Flower would be inconceivable without its music that responds to the player's actions and movement. Some levels are better than others in this regard, but when Flower soars to its fullest potential and most exhilarating release in Dream 6, the music elevates to support it. These culminating moments of Flower remind me why I continue to believe in the power of games to say and do beautiful things. Even if you find yourself indifferent to Flower's charms, you owe it to yourself to experience the last 30 minutes of this game.

Flower is a simple, purposeful, and extraordinary achievement. Its opening menu screen and final credits are better than most games I've played in the last year. Would I recommend buying a PS3 to play a $10 game? Maybe. I'll put it this way instead.

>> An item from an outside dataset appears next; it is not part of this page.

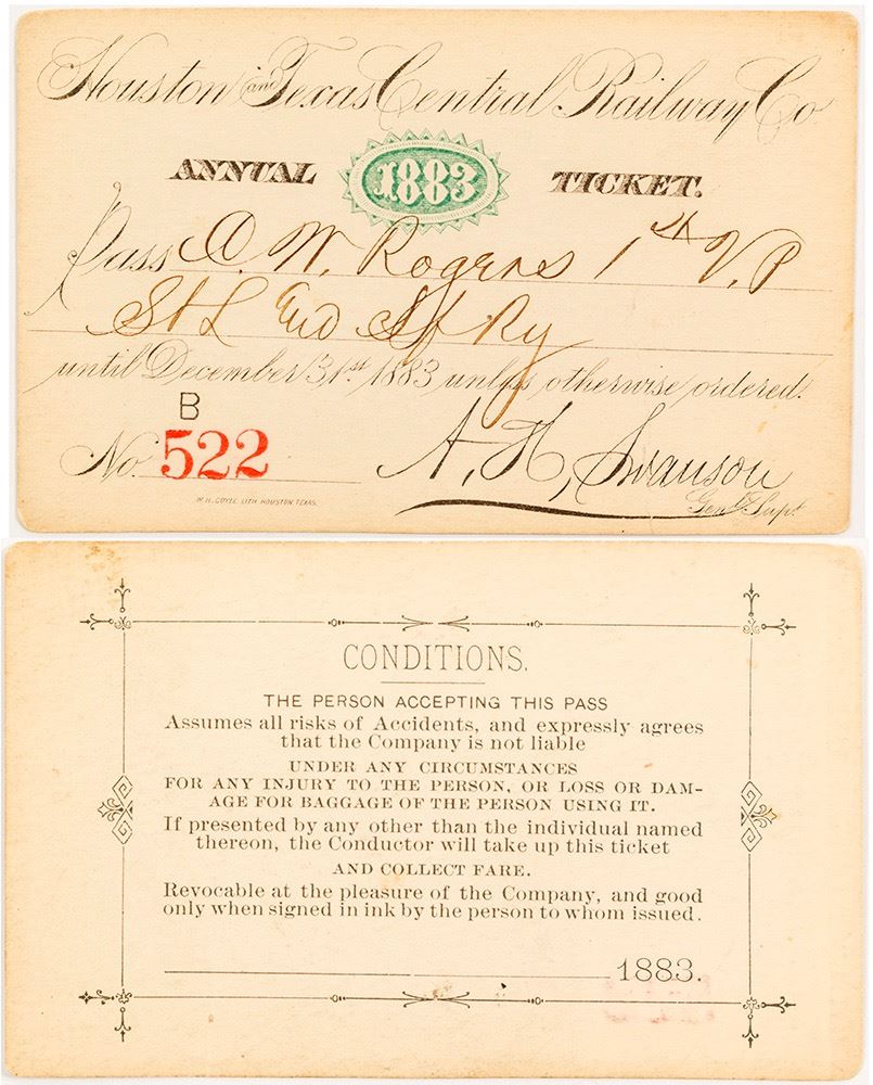 Number 522. This railroad was incorporated in 1875 by the state of Texas in a special act. They would merge into the Houston & Texas Central Railroad in 1889. Signed by AB Swanson. For CW Rogers, 1st Vice President of the St. L. and S.. Slight discoloration at the top and a Small 1" bend in the bottom right. Date: Location: Texas HWAC # 53526
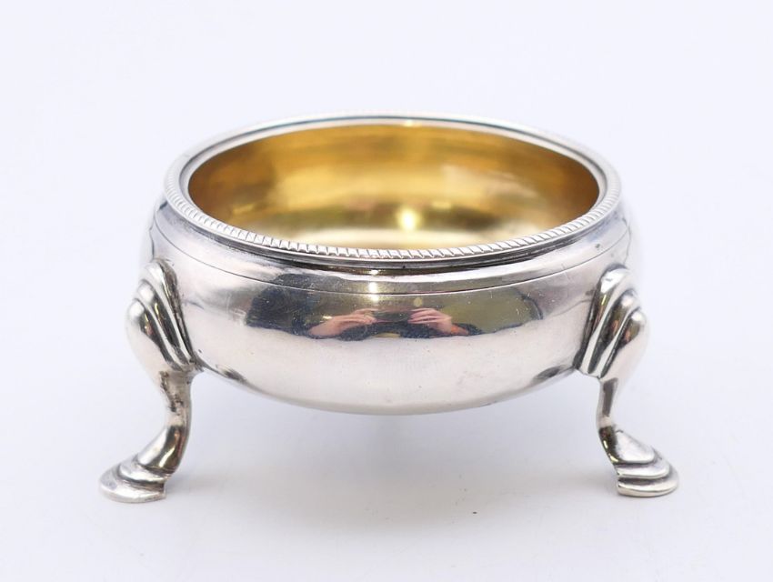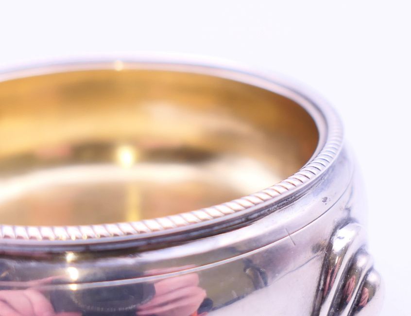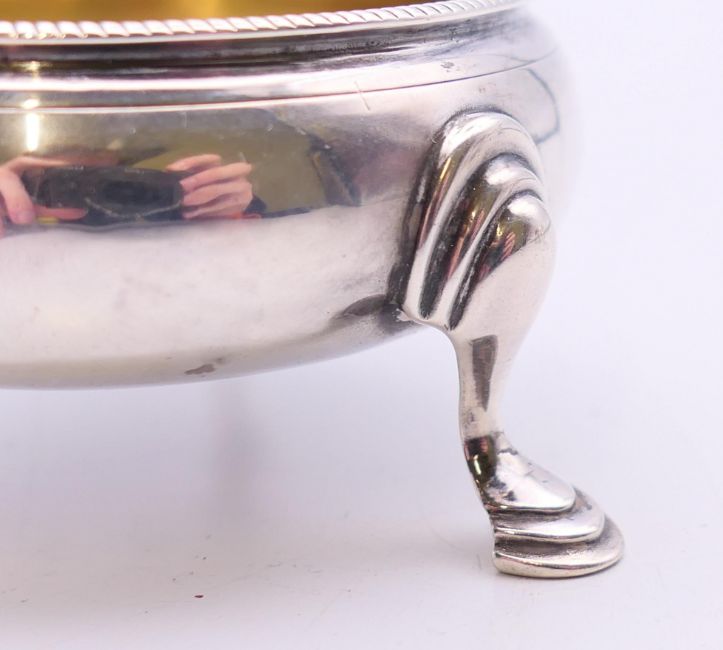 A pair of Georgian silver salts. 6 cm diameter. 85.1 grammes.

If you decide to take the PS3 plunge, you will likely be very satisfied without purchasing a single shrink-wrapped game. And one more thing. TGC still has one more game to deliver in its 3-game deal with Sony.  ...Bouquet!


Flower song

Flowershot

Flower transports me to a memory of the gamer I used to be. Before consoles, before blogs, before "gamer." When I played only to play. Pure beguilement, first-thought, joyful discovery. The marvel that held me rapt was astonishing: I can live for awhile on this screen. I can move through this world with my hands. The simplicity of it. The small miracle. Flower gave all that back to me, for a time.

Flower brought me home to play, suspending my analysis-mind. I didn't think that was possible. I'm too far gone for such surrender. Critical gaming is the only gaming I know anymore, and that's okay; it's not a burden, nor does it diminish my enjoyment of games.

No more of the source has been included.